Aim of the exercise: Take the lines from the line containing "White High Low" through the end of the entries and output them exactly, with no pictures and nothing more.

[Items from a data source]
━━━━━━━━━━━━━━━━━━━━
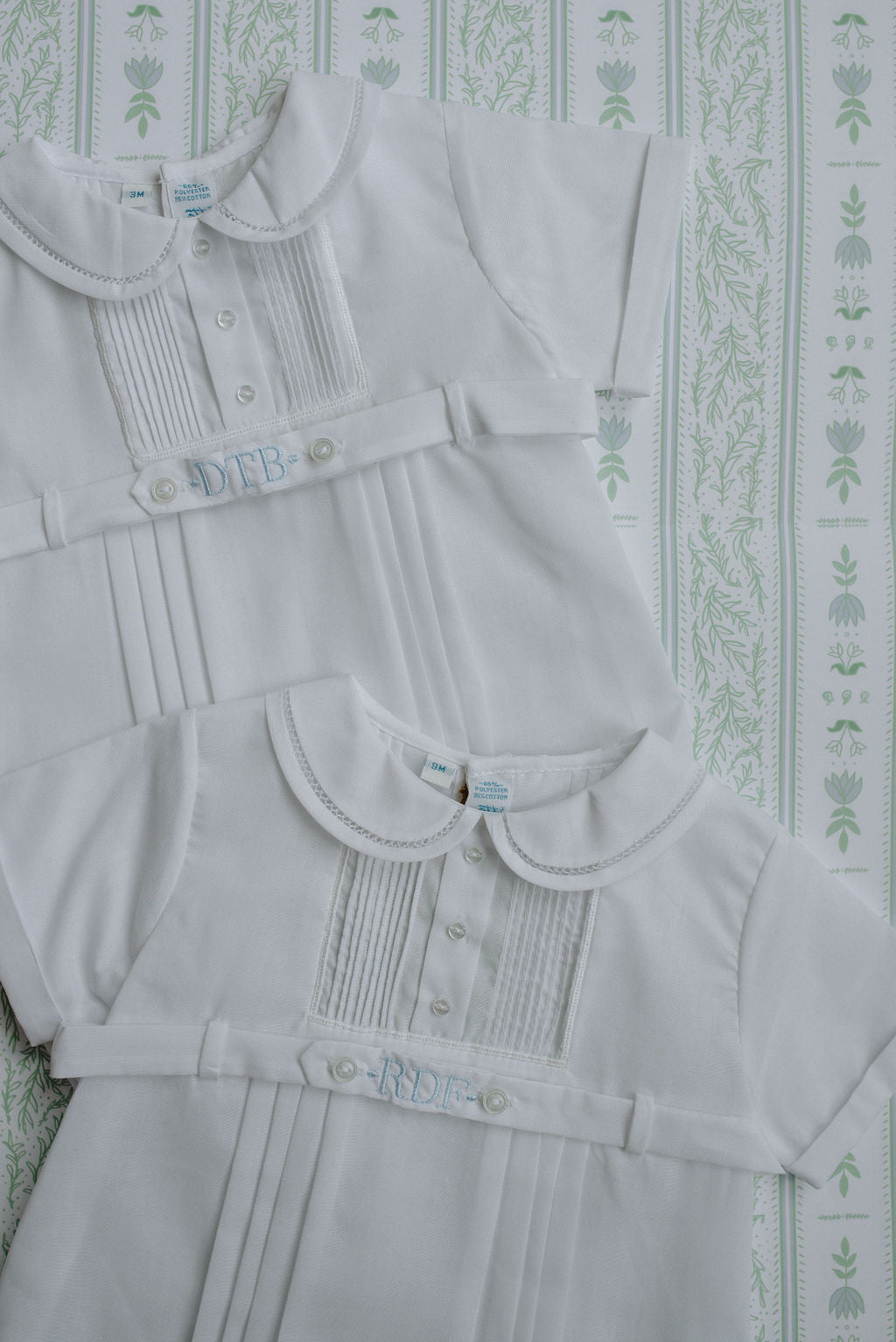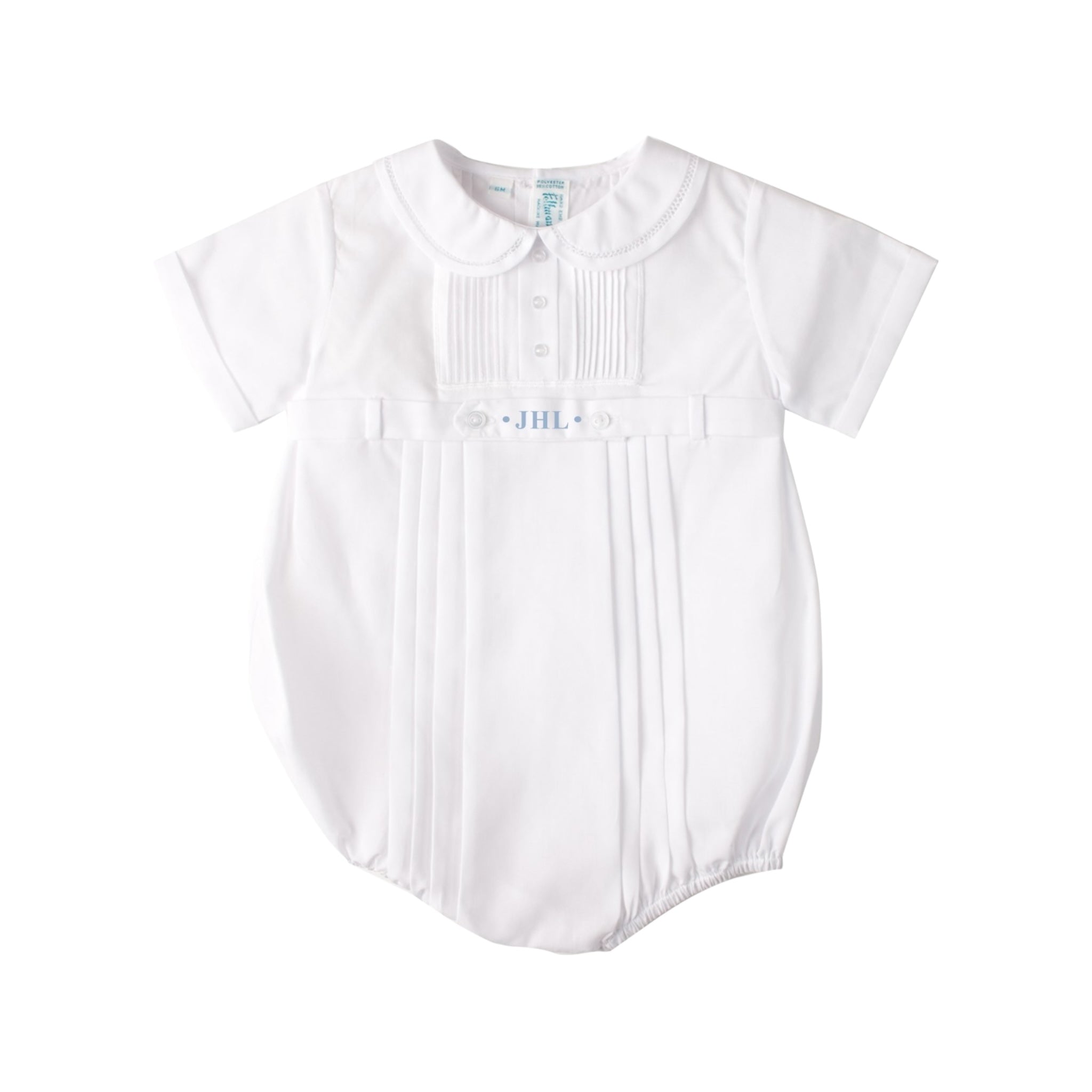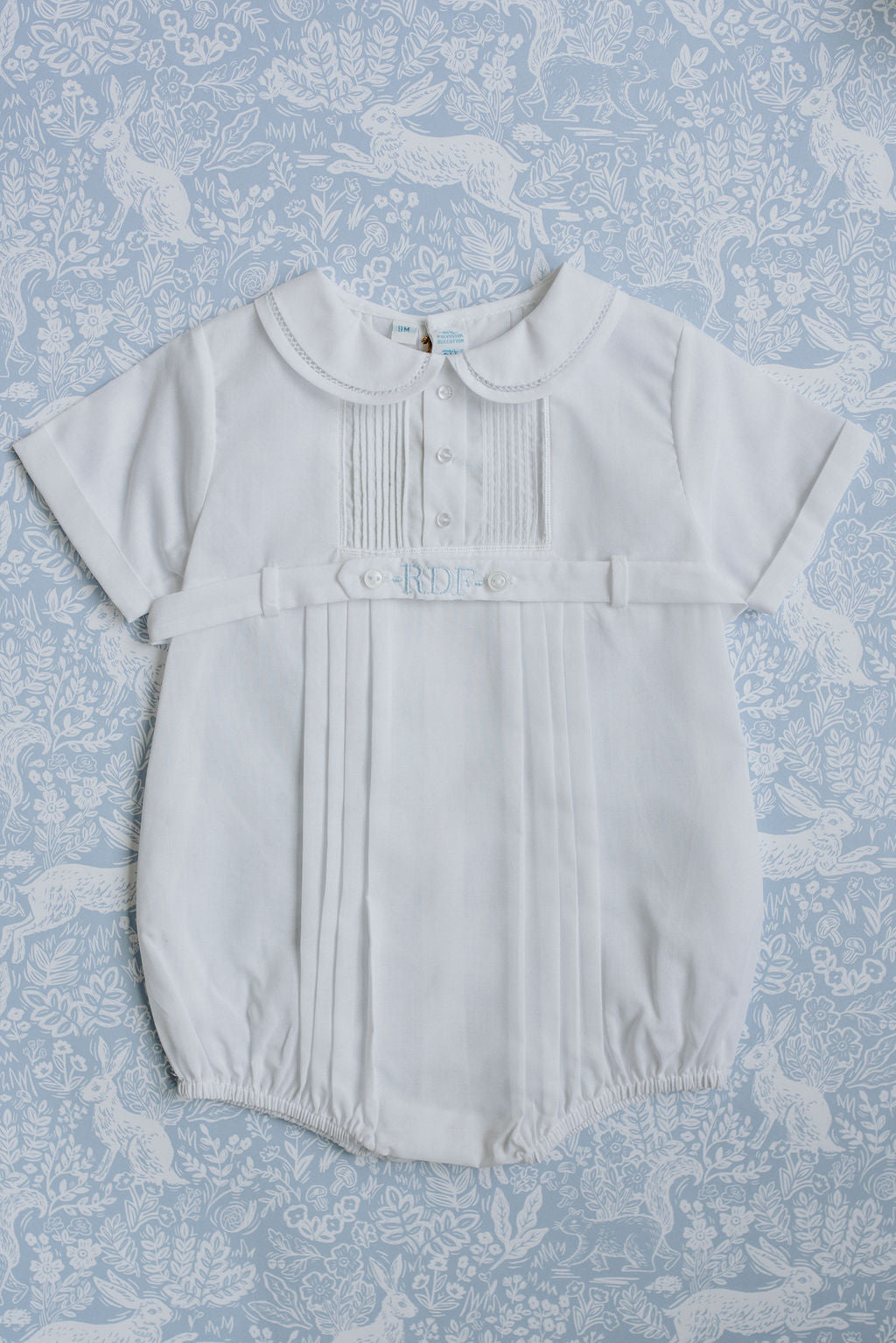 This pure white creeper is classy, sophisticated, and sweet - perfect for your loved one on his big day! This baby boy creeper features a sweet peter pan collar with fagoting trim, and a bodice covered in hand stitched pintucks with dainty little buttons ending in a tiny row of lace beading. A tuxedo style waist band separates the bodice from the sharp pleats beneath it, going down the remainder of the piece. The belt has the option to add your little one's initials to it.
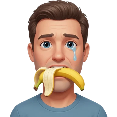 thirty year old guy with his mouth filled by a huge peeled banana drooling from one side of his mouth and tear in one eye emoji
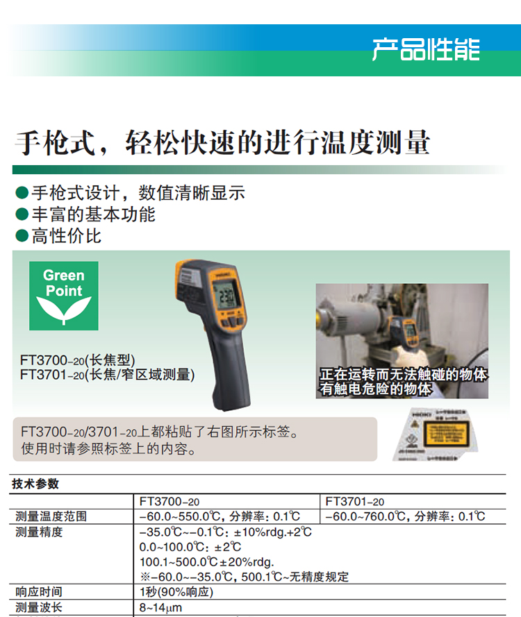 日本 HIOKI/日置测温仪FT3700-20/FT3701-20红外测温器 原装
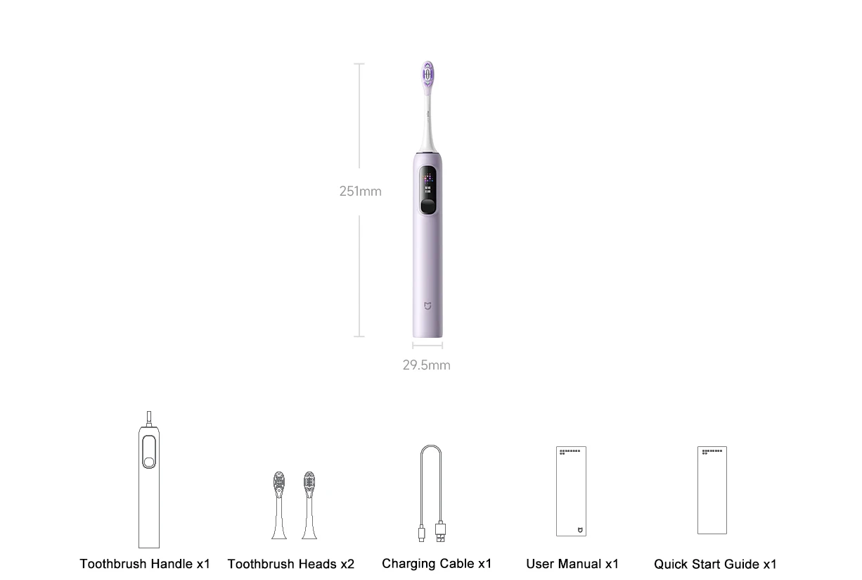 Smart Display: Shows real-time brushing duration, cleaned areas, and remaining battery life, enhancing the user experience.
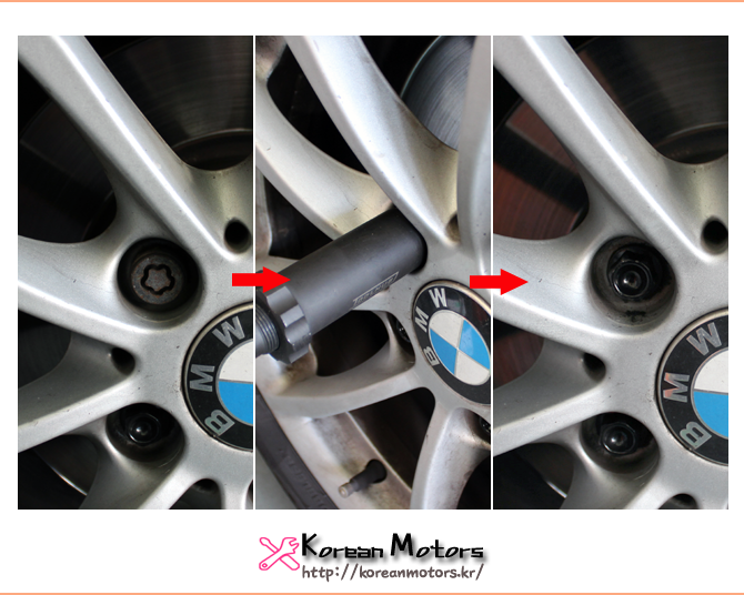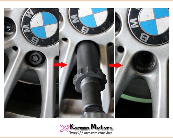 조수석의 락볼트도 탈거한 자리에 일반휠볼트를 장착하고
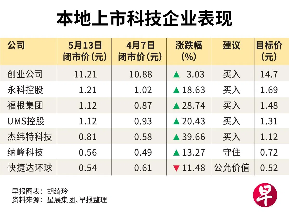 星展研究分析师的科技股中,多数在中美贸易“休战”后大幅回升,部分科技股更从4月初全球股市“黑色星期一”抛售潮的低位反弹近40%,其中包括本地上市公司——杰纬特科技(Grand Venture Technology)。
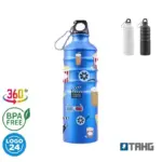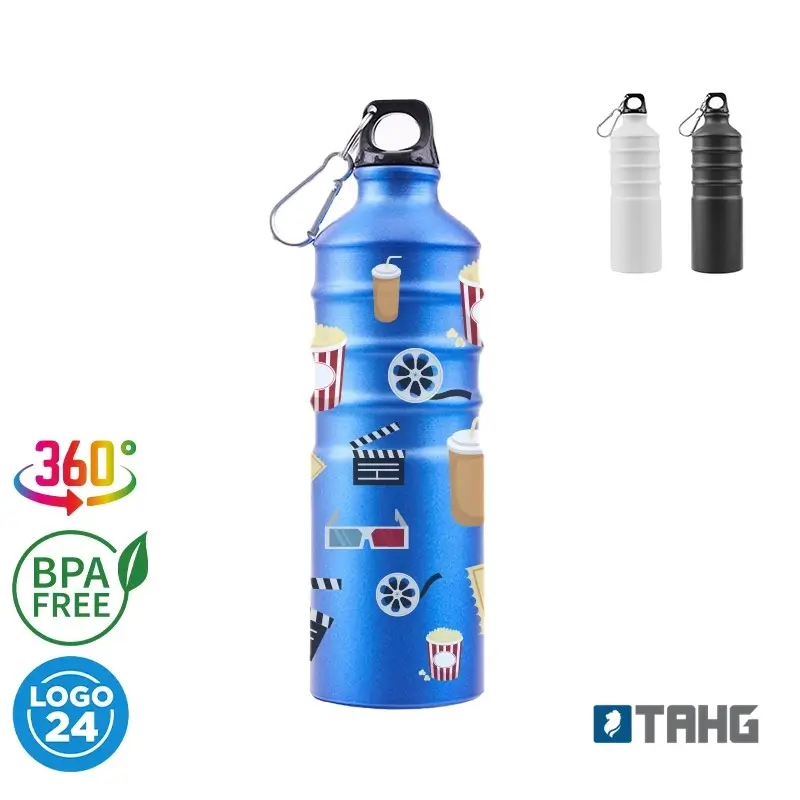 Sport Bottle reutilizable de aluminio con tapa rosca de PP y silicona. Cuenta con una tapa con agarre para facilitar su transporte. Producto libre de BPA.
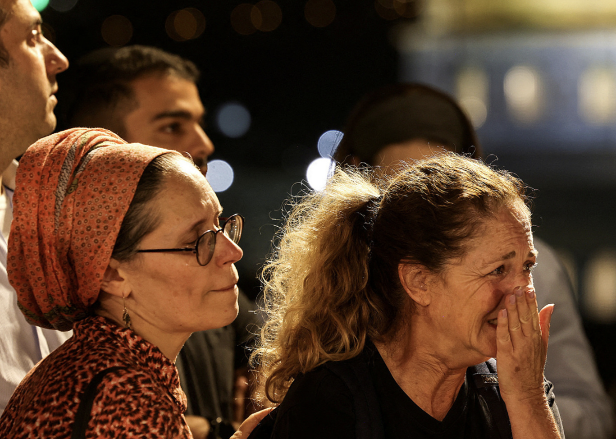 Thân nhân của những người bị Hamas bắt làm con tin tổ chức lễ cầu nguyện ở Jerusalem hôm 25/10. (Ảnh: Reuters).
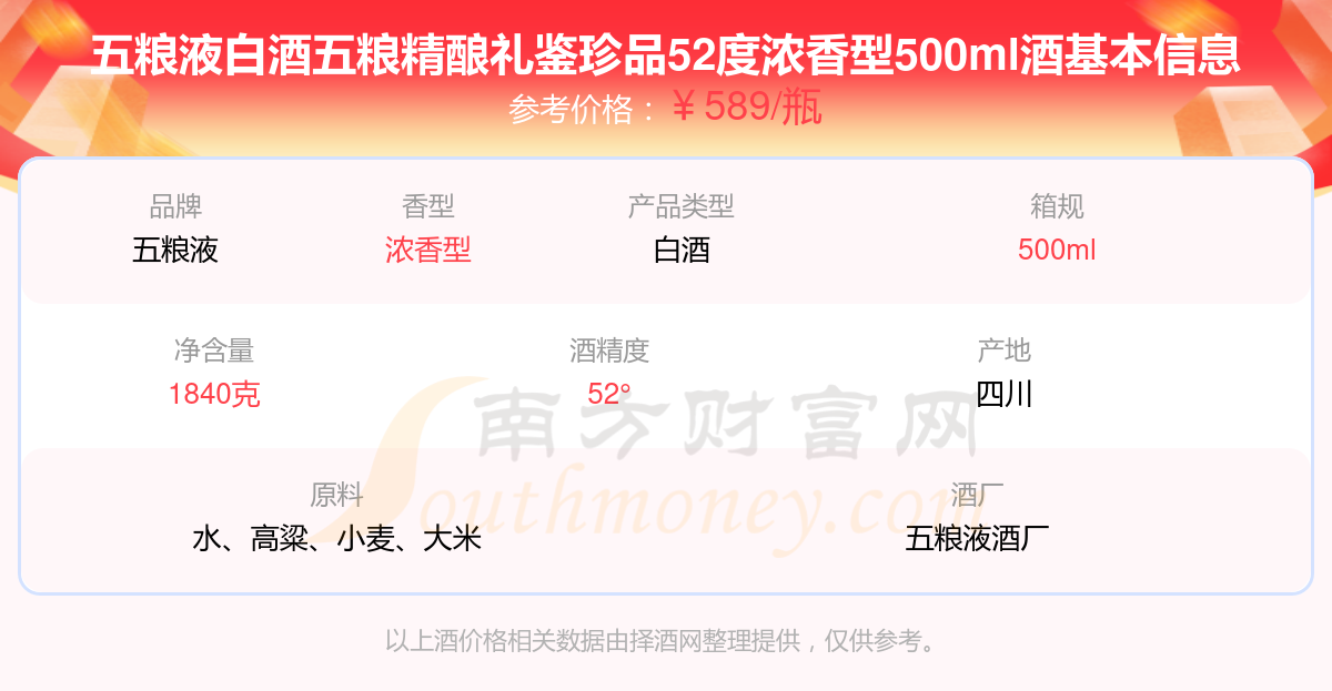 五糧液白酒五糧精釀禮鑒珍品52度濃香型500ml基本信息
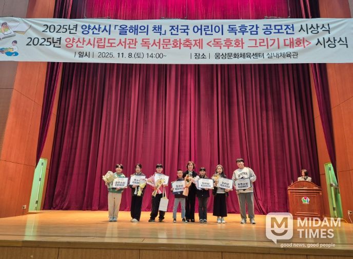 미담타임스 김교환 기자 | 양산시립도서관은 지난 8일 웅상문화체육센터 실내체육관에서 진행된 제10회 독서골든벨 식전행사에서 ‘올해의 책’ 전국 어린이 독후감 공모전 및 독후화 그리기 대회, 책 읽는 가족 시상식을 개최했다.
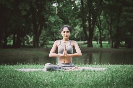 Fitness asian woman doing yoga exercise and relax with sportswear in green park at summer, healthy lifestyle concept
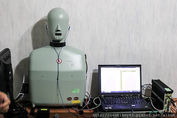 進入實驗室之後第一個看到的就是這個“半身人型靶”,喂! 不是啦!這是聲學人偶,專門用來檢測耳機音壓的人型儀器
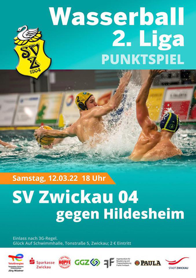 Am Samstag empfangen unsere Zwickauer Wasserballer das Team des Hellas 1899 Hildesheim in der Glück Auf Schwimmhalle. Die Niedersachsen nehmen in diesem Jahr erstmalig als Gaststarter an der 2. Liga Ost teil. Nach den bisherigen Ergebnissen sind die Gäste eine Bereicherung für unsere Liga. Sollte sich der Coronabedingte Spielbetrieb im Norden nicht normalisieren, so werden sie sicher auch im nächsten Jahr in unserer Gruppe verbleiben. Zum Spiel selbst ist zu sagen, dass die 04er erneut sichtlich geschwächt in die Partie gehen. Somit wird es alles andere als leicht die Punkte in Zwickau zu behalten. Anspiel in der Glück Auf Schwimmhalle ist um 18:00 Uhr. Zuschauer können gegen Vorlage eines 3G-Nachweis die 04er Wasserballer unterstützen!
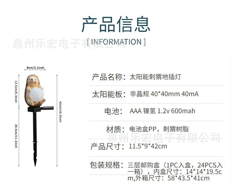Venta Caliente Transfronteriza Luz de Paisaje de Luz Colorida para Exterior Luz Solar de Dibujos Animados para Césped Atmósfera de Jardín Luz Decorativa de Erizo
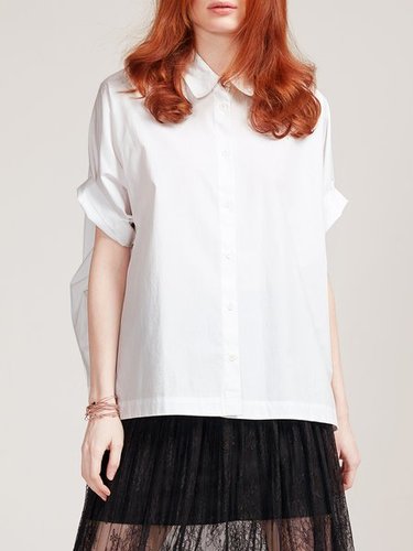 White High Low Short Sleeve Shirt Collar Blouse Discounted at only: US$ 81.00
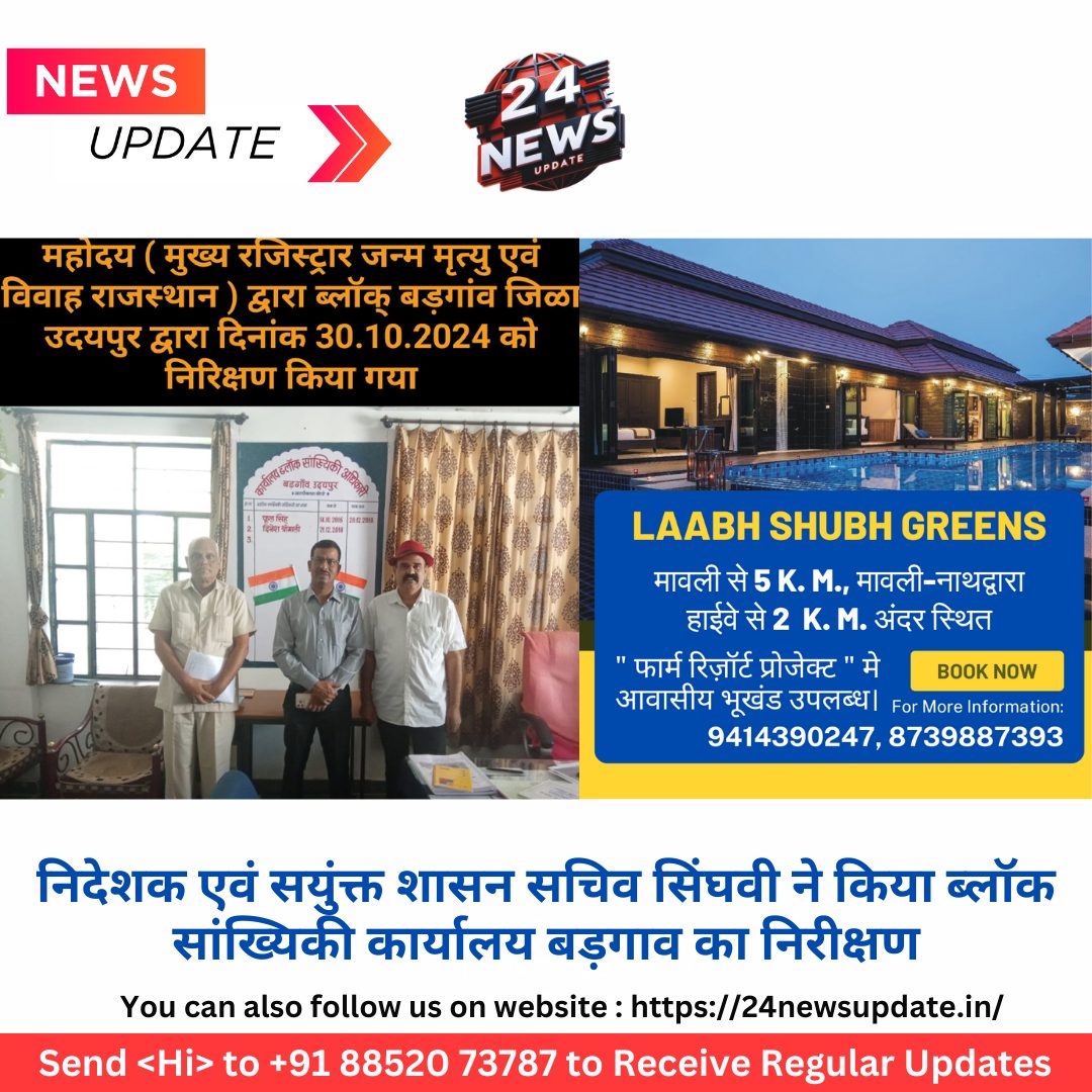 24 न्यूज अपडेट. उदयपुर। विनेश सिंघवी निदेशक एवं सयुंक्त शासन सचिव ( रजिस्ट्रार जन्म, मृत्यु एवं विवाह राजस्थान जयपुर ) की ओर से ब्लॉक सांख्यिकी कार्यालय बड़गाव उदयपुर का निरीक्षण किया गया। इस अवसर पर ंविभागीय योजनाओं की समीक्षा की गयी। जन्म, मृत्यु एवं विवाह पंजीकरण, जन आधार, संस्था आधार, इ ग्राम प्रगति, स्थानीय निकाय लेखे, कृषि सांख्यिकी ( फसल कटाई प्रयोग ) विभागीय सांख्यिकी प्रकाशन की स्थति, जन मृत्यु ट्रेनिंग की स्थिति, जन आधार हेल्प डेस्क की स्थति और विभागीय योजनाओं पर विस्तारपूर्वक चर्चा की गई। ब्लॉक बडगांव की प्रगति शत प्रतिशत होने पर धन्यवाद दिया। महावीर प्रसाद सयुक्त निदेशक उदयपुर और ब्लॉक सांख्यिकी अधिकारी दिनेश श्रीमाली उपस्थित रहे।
━━━━━━━━━━━━━━━━━━━━
Exercise result:
 White High Low Short Sleeve Shirt Collar Blouse Discounted at only: US$ 81.00
 24 न्यूज अपडेट. उदयपुर। विनेश सिंघवी निदेशक एवं सयुंक्त शासन सचिव ( रजिस्ट्रार जन्म, मृत्यु एवं विवाह राजस्थान जयपुर ) की ओर से ब्लॉक सांख्यिकी कार्यालय बड़गाव उदयपुर का निरीक्षण किया गया। इस अवसर पर ंविभागीय योजनाओं की समीक्षा की गयी। जन्म, मृत्यु एवं विवाह पंजीकरण, जन आधार, संस्था आधार, इ ग्राम प्रगति, स्थानीय निकाय लेखे, कृषि सांख्यिकी ( फसल कटाई प्रयोग ) विभागीय सांख्यिकी प्रकाशन की स्थति, जन मृत्यु ट्रेनिंग की स्थिति, जन आधार हेल्प डेस्क की स्थति और विभागीय योजनाओं पर विस्तारपूर्वक चर्चा की गई। ब्लॉक बडगांव की प्रगति शत प्रतिशत होने पर धन्यवाद दिया। महावीर प्रसाद सयुक्त निदेशक उदयपुर और ब्लॉक सांख्यिकी अधिकारी दिनेश श्रीमाली उपस्थित रहे।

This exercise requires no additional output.